Sometimes I have to post stuff under my real name because my employer insists on it. But they don’t own my username. It’s the same one I use all over the Internet. You can Google it & find out my opinion on anything: the good, the bad & the stupid. But it’s my opinion.

And if you really want to know who I am, Goigle will tell you that too. I doxxed myself decades ago.
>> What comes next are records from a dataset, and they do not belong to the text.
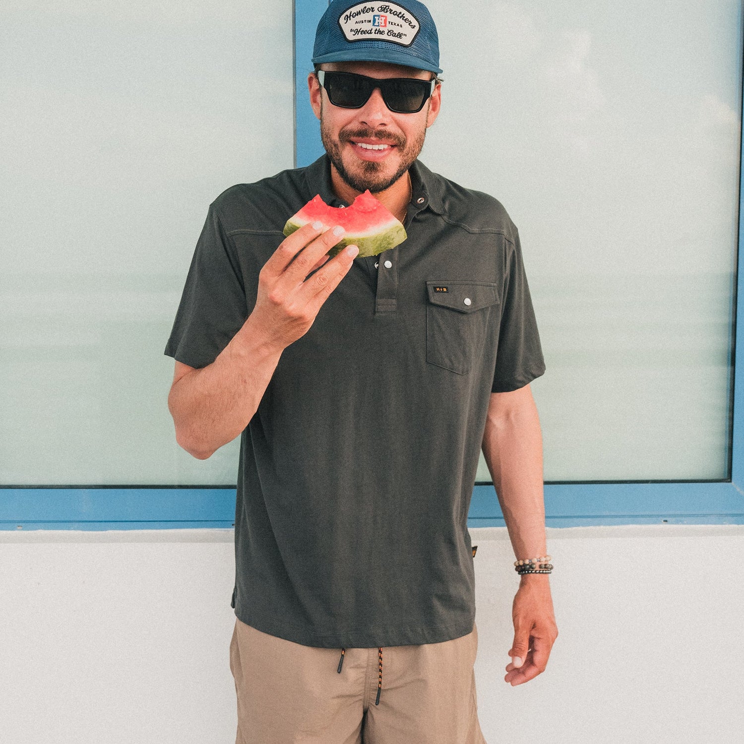 The Ranchero Polo has all the versatility of your favorite staple polo but is a major style upgrade with its cool single pocket design, pearl snaps and subtle western style yoke. Made of super soft 100% heathered cotton you have come to expect from Howler with a straight hem for untucked wear. One of the best sellers in our Austin retail stores every season.
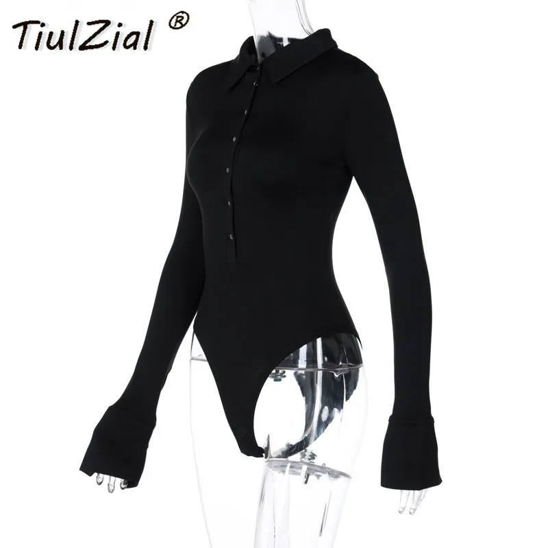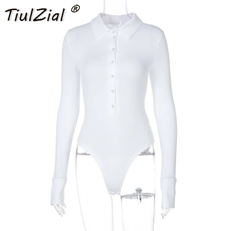 Женский Повседневный боди на пуговицах TiulZial, черный, белый, коричневый, на осень-зиму
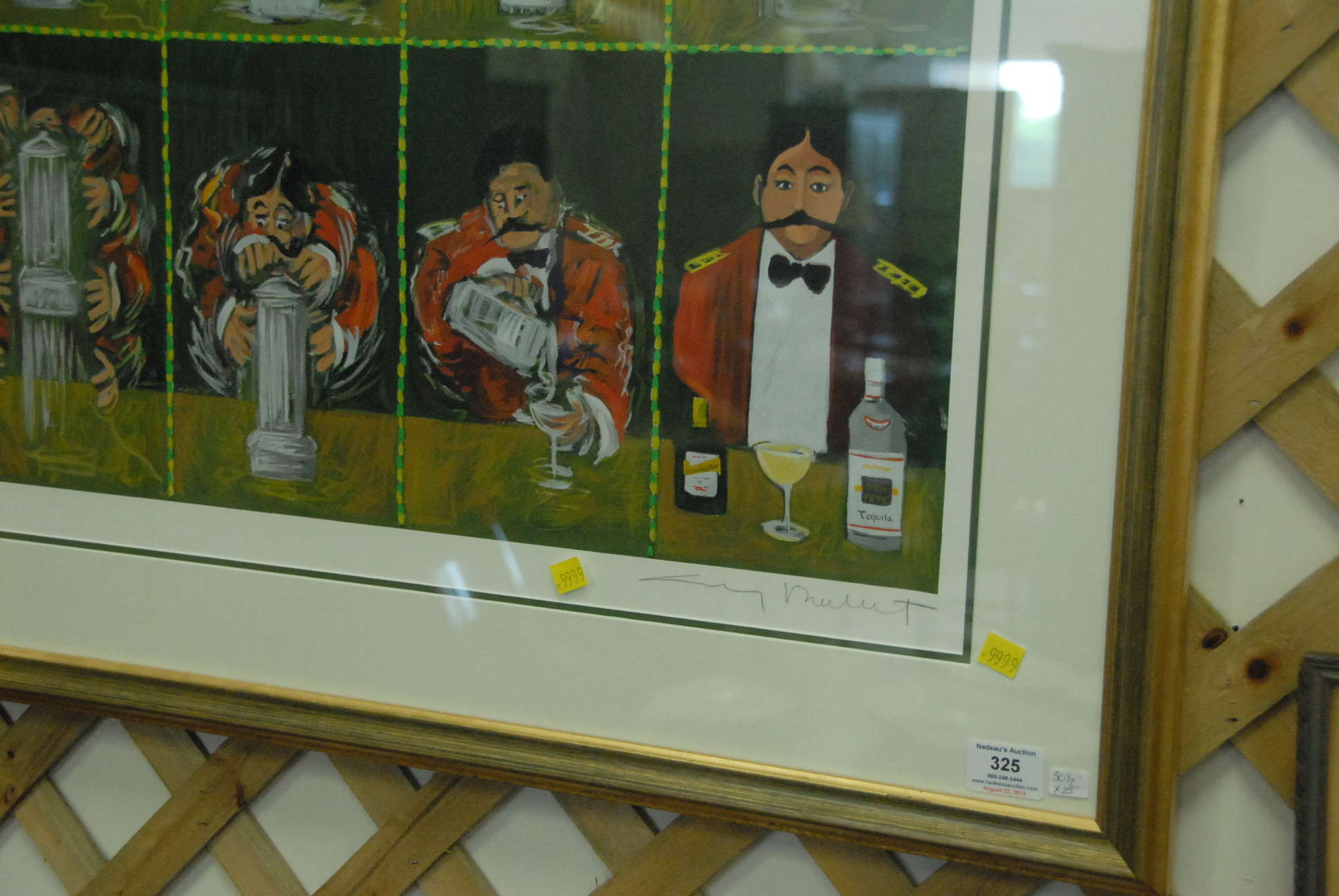 Lithograph Bartenders margarita signed indistinctly, sight size 30 x 20.
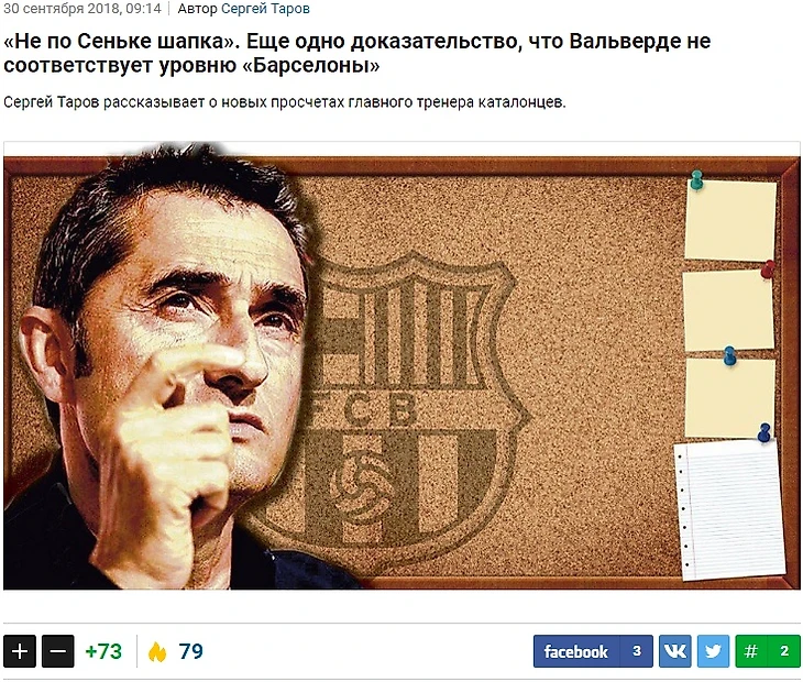 «Не по Сеньке шапка». Еще одно доказательство, что Вальверде не соответствует уровню «Барселоны»
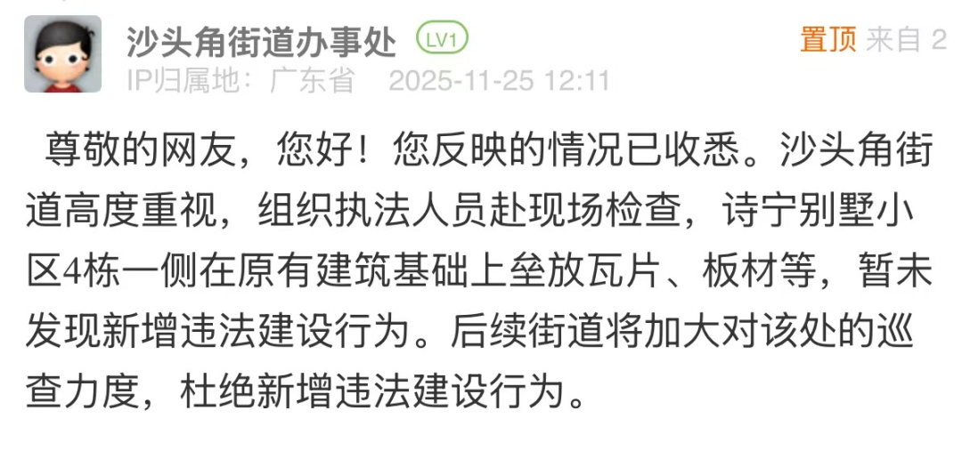優(yōu)化建議:針對網(wǎng)民投訴的小區(qū)違建問題,街道回應(yīng)僅以“未發(fā)現(xiàn)新增違法建設(shè)行為”簡單回復(fù),尚有完善空間。若該點位存在建設(shè)年代久遠、權(quán)屬界定模糊、涉及多主體協(xié)調(diào)等客觀難點,可適度說明,并在回應(yīng)中補充核查細節(jié),說明后續(xù)處置方向與階段計劃,讓回應(yīng)更具可信度和實操性,回應(yīng)市民對“依法履職”的期待。
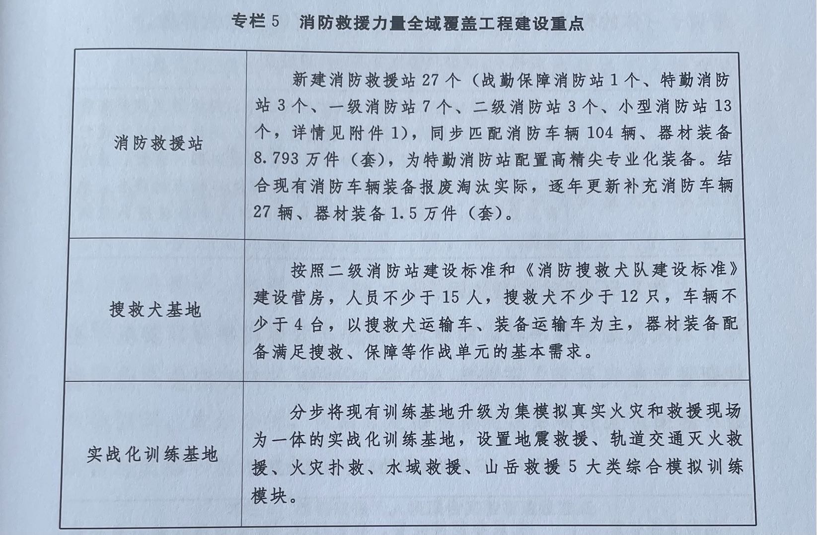 围绕应急救援实战需要,统筹典型灾害和全灾种、救援实训与跨区域应急救援等需要,按照“立足当前,谋划长远”原则建设消防救援站、搜救犬基地,升级实战化训练基地。加强车辆器材装备配备,逐步形成满足要求、配置科学、编成合理的消防力量全域覆盖体系。
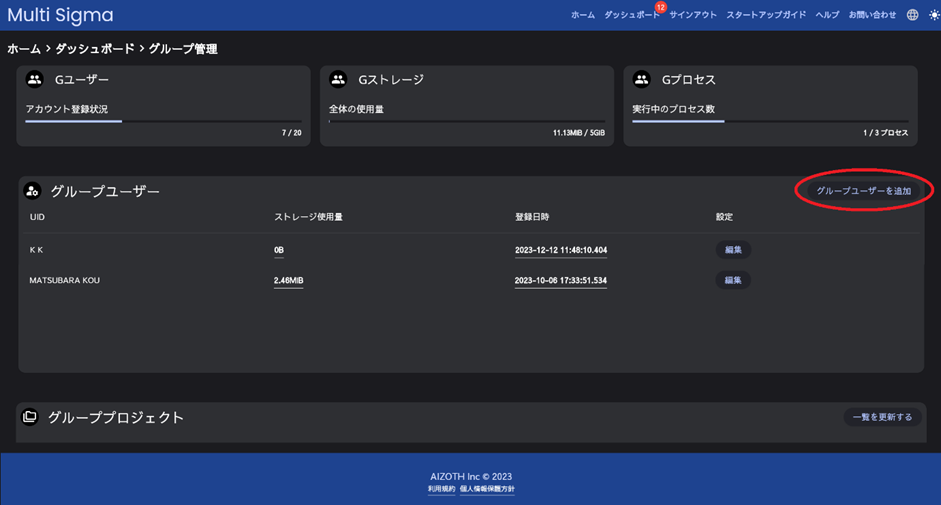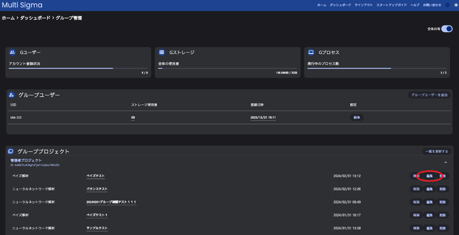 グループユーザーを編集する場合は、各々のグループユーザーの「編集」をクリックしてください。
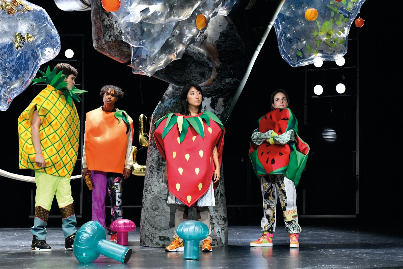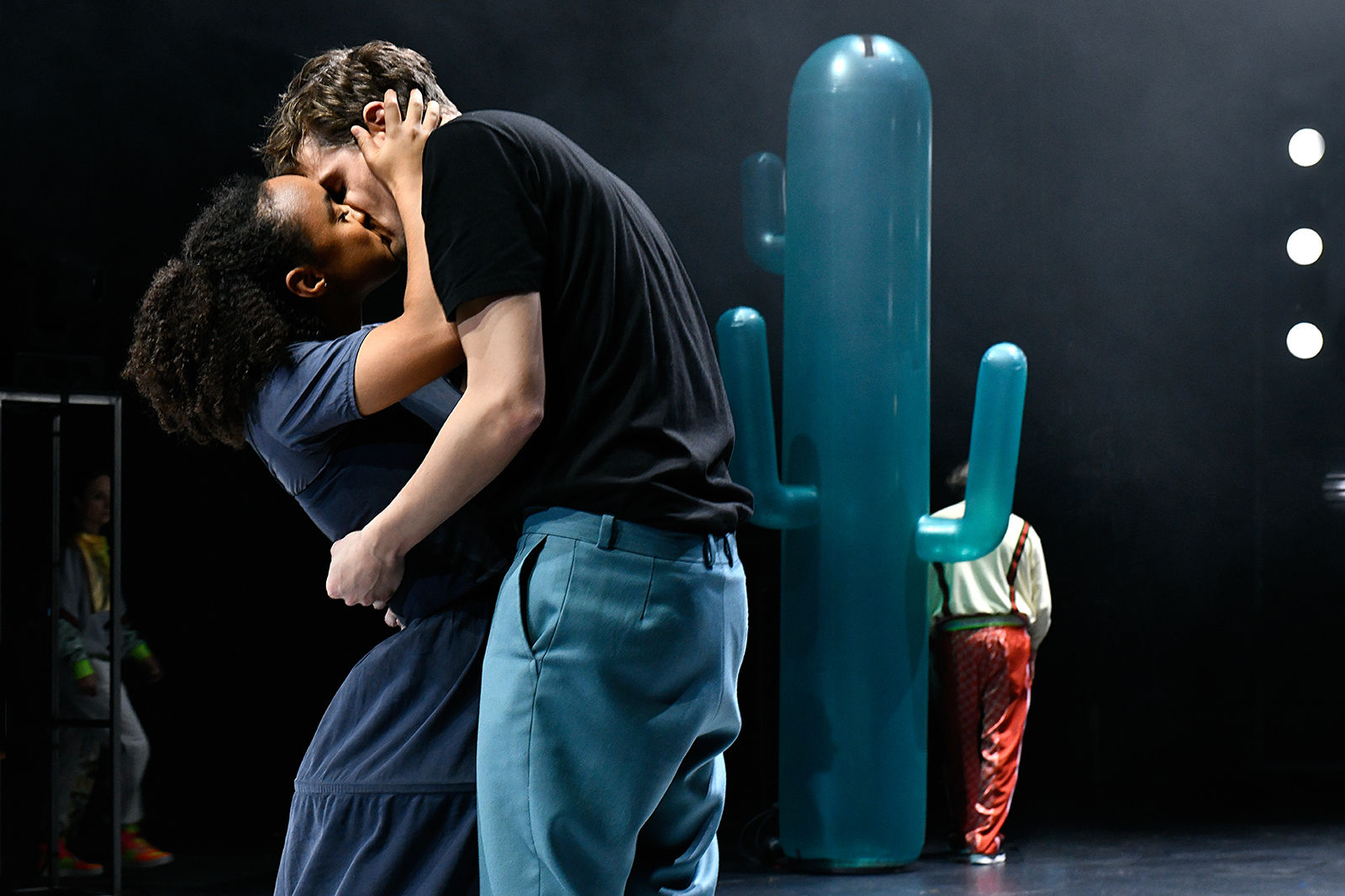 «Optisch ist das Ensemble streng geteilt: in das schlichte Einheitsblau der Farmerfamilie und den bunten Label-Fetisch-Mix der pfauenhaften Gucci-Gang, die den Takt vorgibt (Kostüme Lene Schwind). Das Sehnsuchtsland Kalifornien ist mit aufblasbaren Riesenkakteen und Orangenbäumen garniert (Bühne: Jonathan Mertz). Alles Luft.» (Republik, 29.10.2019)
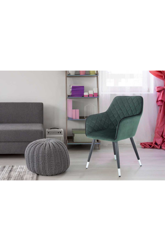 Стильное кресло Evan Dark green/Black отличное решение для создания дизайна и в современном, и в классическом стиле. Изделие выполнено в зелёном цвете. Контрастный кант придаёт ему оригинальное звучание. Устойчивые металлические ножки чёрного цвета органично завершают композицию.
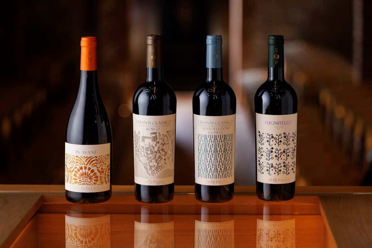 Il cuore concettuale del progetto affonda le radici nel Vitiarium, il vigneto sperimentale avviato negli anni Ottanta per il recupero e la tutela degli antichi vitigni toscani quasi scomparsi. Un progetto pionieristico che ha contribuito in modo concreto alla salvaguardia della biodiversità viticola regionale e che oggi si traduce in una gamma capace di raccontare l’identità dei vigneti che circondano l’antico borgo medievale di San Felice. Vigneti coltivati secondo i principi della viticoltura rigenerativa, in fase di conversione biologica, interpretati con uno stile che privilegia equilibrio, precisione e leggibilità.
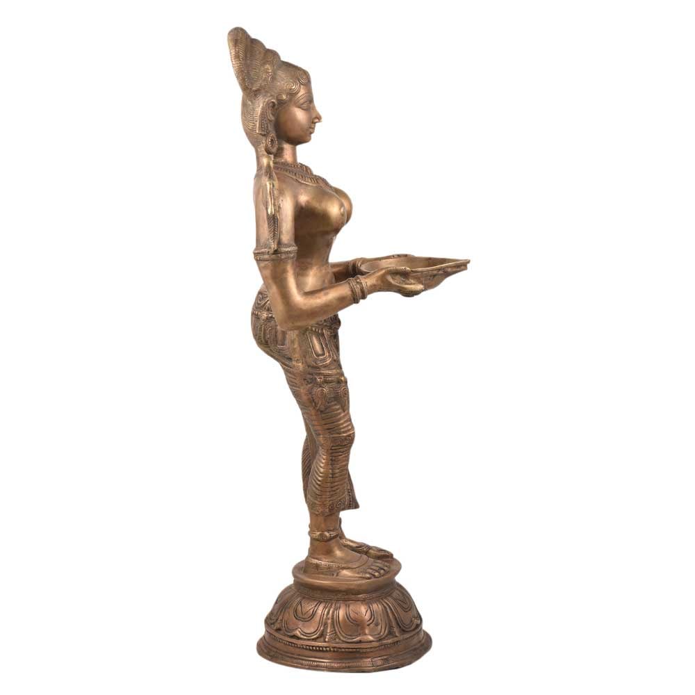 Indian Brass Oil Lamp is a traditional oil lamp known as a diya with a lady figurine. Used since ancient times as a decoration and a source of light, the diya is an oil lamp that burns vegetable oil or ghee Indian butter. You can also use them as decorations in your home in the living room or bedroom or place them on a dining table instead of candles.
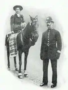In another imaginative protest in October 1908 organised with Maud Joachim Douglas Smith and Joachim held up traffic in the West End by the two riding black bay horses up the Strand, at the same time advertising a suffragette meeting at the Royal Albert Hall. On her death Maud Joachim left Douglas Smith a legacy in her will.[12][13][14]
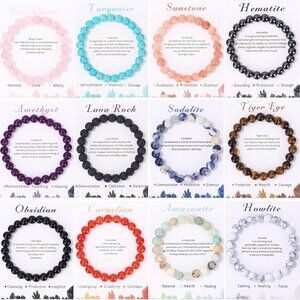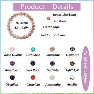 Features: This set includes 12 different 8mm semi-precious gemstone bracelets, each with its own unique vibe — from calming amethyst to energizing tiger eye and grounding obsidian. The stretchy, sturdy elastic makes them easy to slip on and off, perfect for stacking or wearing alone. Suitable for both women and men who love a touch of natural style.
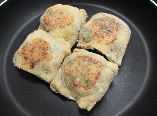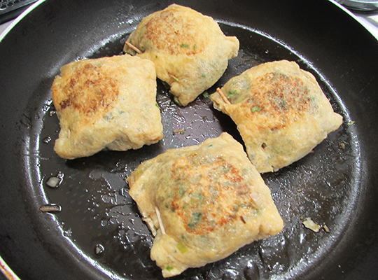 8フライパンに巾着を敷き両面焦げ目がつくまで中火で焼きます。
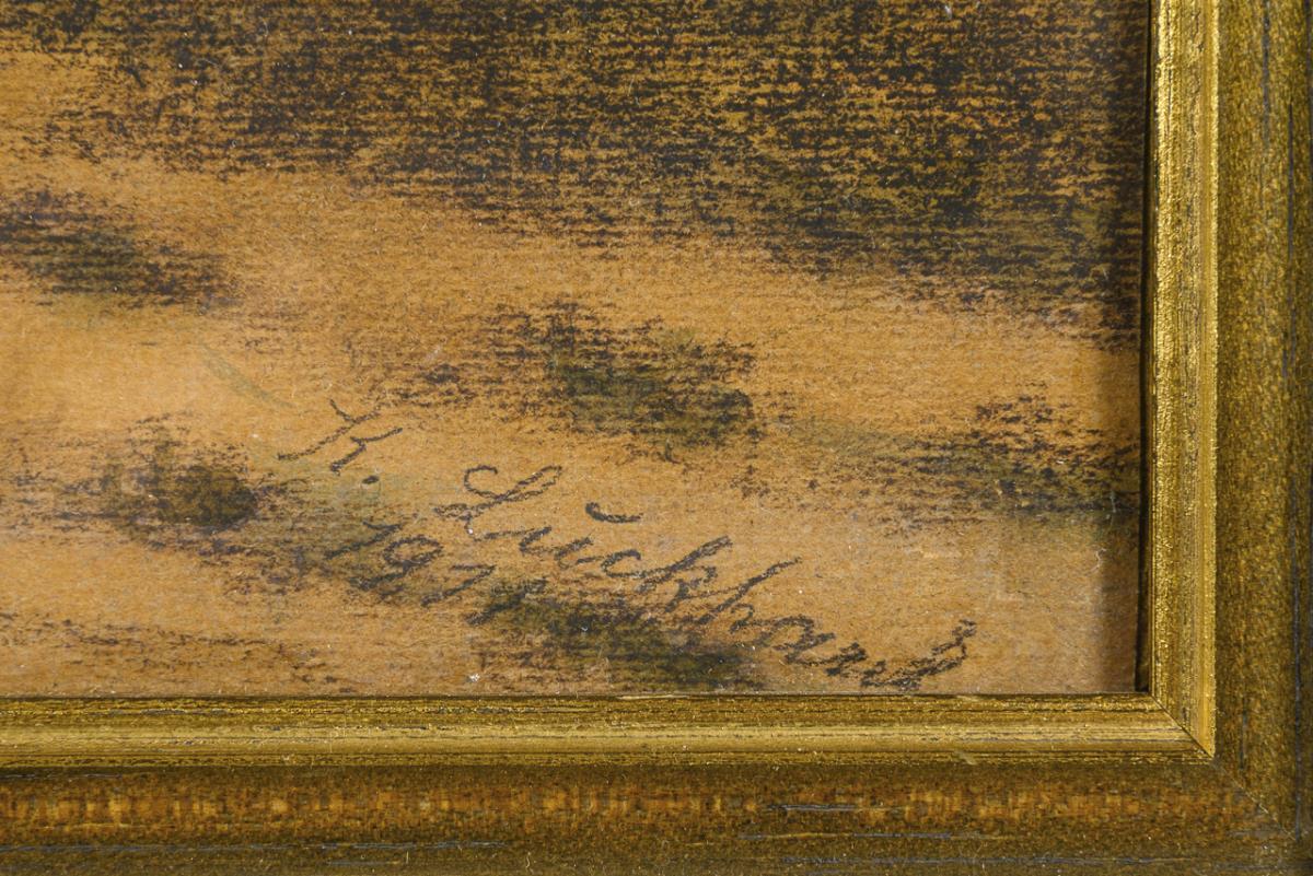 Bleistiftzeichnung, teils aquarelliert. Rechts unten signiert. 1918.

@TonyStark @shoq And I’m not telling anyone they have to do this. It’s what I do. And s fee people have told me it makes sense.
@llywrch @TonyStark I was anonymous for decades. That all changed when I was doxxed by Breitbart News goons and their allies, capitalizing on on a dumb personal drama to relentlessly attack me for 2 years with multiple strategies and tactics, most of them fabricated. Anyone threatened as I and my family have been for purely political reasons, has perfectly valid reasons to minimize, if not conceal their identify footprint online.
@shoq @llywrch @TonyStark Shoq, thanks for sharing - many of us avoided hard truths of social media harassment & willingness of some to act out against opposing opinions. Sadly, from Rush Limbaugh’s rants to Trumps’ divisive rhetoric to threats to Georgia election officials to recent New Mex political shootings - our ability to openly disagree is now more dangerous than ever. Legislation with real consequences is needed to protect against these threats.
@Snowcat @shoq @llywrch @TonyStark  I am also a cat. A rather large cat at that. My name. Look at my name. Can you get a name with only 5 letters? Shoq beats me by 1! I have carried this name all over the net since forever. I forget how long, tbh. It’s also very easy to find my real name as I’m so far into the woods. I’m sorry for y’all who have been trampled on by the crazies. I left twitter before the ranks got too thin and my lone voice in Oklahoma got heard. I’m glad to be where it’s safer than the place before. I may just be little old me, but I’m still a feisty ol’ bat! 
@TonyStark @shoq For me, I started ‘getting on-line’ during the BBS days. Having a handle/anonymity seem normal. Later, when my buddies and I ran a website that could get a bit racy and I worked for a municipality, anonymity was important. Now that I have kids and volunteer with their activities, I don’t need some parent searching for me and causing drama because I called Trump a fucknuts on Twitter.

@shoq @raddude12 Same.

Nobody would want to be exposed to what’s in my DMs from 2016-present.

I have already had to change my phone number and delete other accounts. Not doing it anymore.

@TonyStark

People need to consider who benefits from being expected to use your real name. (It's corporations that want to collect our data, not us.)

Is a conversation on Mastodon any more authentic because people know our real names or not? I don't pretend to have any credentials I don't. Sure, I want to know that my senator is really my senator, but I don't care if someone is using their real name, a character from pop culture, a cartoon animal, or a picture of a plant.

I miss the BBS days when no one expected that you'd use your real name.

@shoq @raddude12

@MariaHill @TonyStark @shoq

Right. I’m a huge baseball fan. I want to know that the reporter tweeting out some trade rumor is really that reporter. I don’t need to know the real name & identity of the folks in the replies (unless it’s another reporter/player/team management/etc)

@shoq @raddude12 @MariaHill Lots of instances have a “no impersonation” policy including this one so that seems to work.

Considering that we all knew Devin’s Cow and Roy Moore’s Horse on Twitter, or at least most people following politics there did, the ability to carry conversation doesn’t have anything to do with your persona.

@MariaHill @TonyStark @shoq @raddude12 Now that I think about it, when I was on My Space, I didn’t use my real name. No one did.
@MariaHill @TonyStark @shoq @raddude12 Anonymity is so important on the internet because the corporate spyware hegemony out there has malicious intent imho.

@MariaHill @TonyStark @shoq @raddude12

Real names also benefit stalkers, especially if those stalkers are also hackers with a knack for OSINT.